§ **TASK INSTRUCTIONS**:
Repeat the listing word for word. No pictures belong in the copy.

**** GIVEN MATERIAL

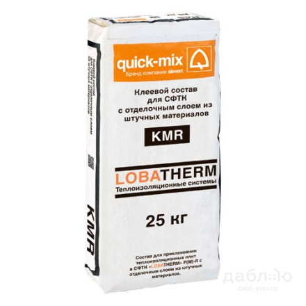Клеевой состав для утеплителя для СФТК с отделочным слоем из штучных материалов Quick-Mix KMR, 25 кг. Минеральный клеевой состав для приклеивания фасадных пенополистирольных и минераловатных плит в СФТК с керамической облицовкой, а также для приклеивания экструдированного полистирола на цоколях зданий. Высокая адгезионная способность.- Прочность на сжатие ˃ 10 МПа
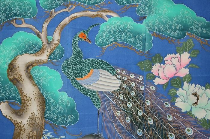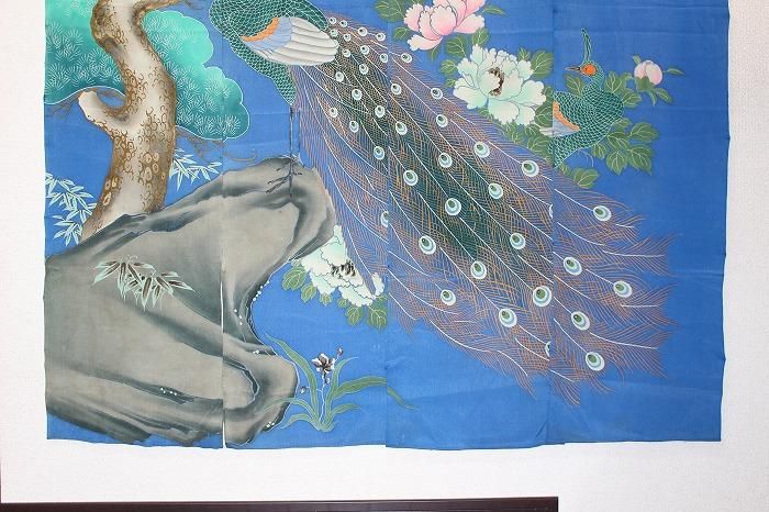 加賀花嫁暖簾松に孔雀文縮緬四巾 蔓結び片喰家紋
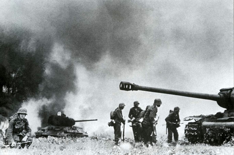 Немцы осматривают подбитые Т 34 ИС 2

********

§ **WORKED SOLUTION**:
Клеевой состав для утеплителя для СФТК с отделочным слоем из штучных материалов Quick-Mix KMR, 25 кг. Минеральный клеевой состав для приклеивания фасадных пенополистирольных и минераловатных плит в СФТК с керамической облицовкой, а также для приклеивания экструдированного полистирола на цоколях зданий. Высокая адгезионная способность.- Прочность на сжатие ˃ 10 МПа
 加賀花嫁暖簾松に孔雀文縮緬四巾 蔓結び片喰家紋
 Немцы осматривают подбитые Т 34 ИС 2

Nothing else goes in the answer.